--- Task goal ---
Below this line is a listing that includes pictures. Copy exactly, and only, the lines from the one containing "2年生は集会をしていました。" through the one containing "Geomagnetic storm forecast"; the pictures do not go in the copy.

--- Extracted entries ---
>>>

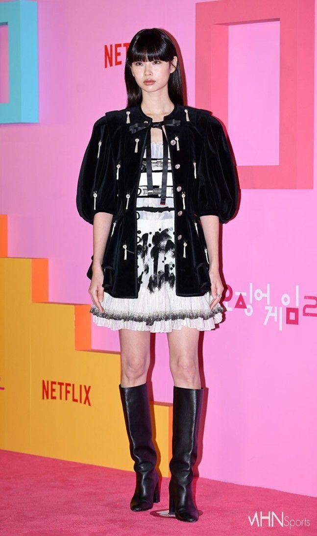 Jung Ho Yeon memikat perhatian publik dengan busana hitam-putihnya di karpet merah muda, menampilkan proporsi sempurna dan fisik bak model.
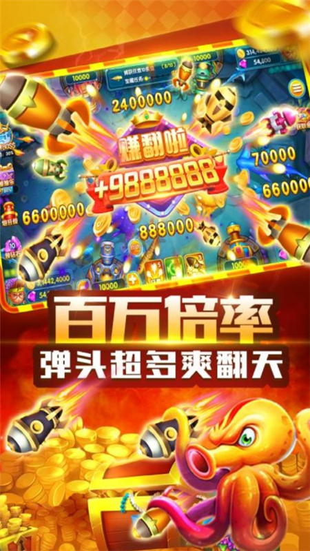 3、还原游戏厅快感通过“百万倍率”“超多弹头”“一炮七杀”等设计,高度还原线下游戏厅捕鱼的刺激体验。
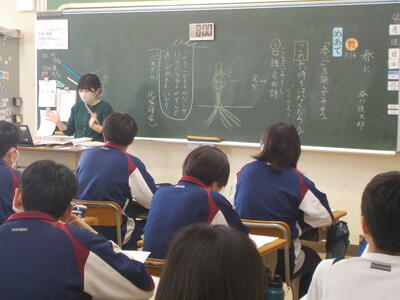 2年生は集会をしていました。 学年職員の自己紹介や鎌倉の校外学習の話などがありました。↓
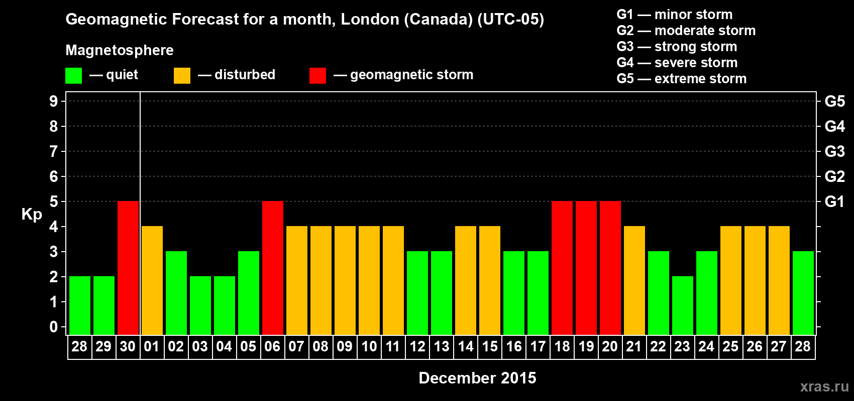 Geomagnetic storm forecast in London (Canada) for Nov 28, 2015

<<<
>>>

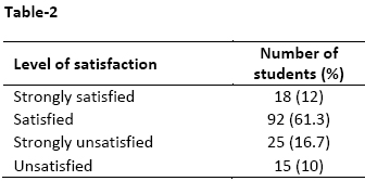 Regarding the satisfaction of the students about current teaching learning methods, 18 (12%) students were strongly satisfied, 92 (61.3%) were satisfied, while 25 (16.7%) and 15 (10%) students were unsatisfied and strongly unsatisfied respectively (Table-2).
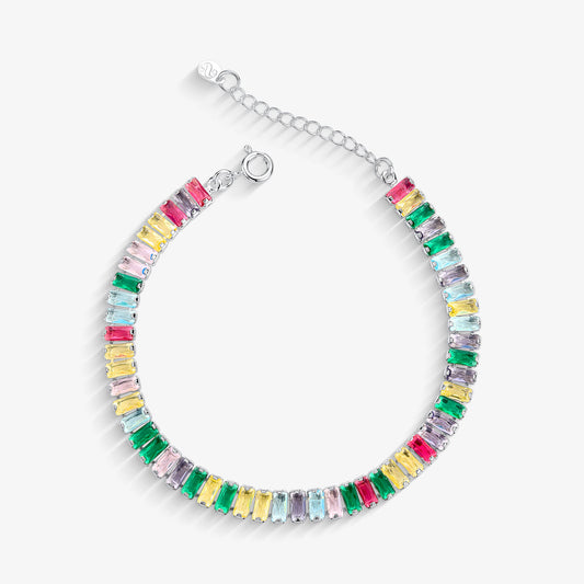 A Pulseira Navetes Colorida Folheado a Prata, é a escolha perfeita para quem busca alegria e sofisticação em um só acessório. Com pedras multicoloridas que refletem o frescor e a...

<<<
>>>

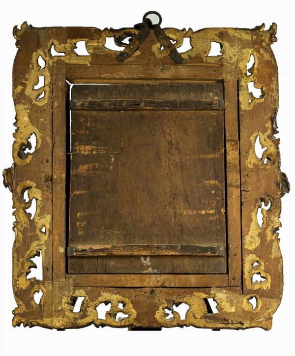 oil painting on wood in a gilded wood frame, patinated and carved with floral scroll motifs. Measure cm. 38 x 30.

<<<

--- Response ---
 2年生は集会をしていました。 学年職員の自己紹介や鎌倉の校外学習の話などがありました。↓
 Geomagnetic storm forecast in London (Canada) for Nov 28, 2015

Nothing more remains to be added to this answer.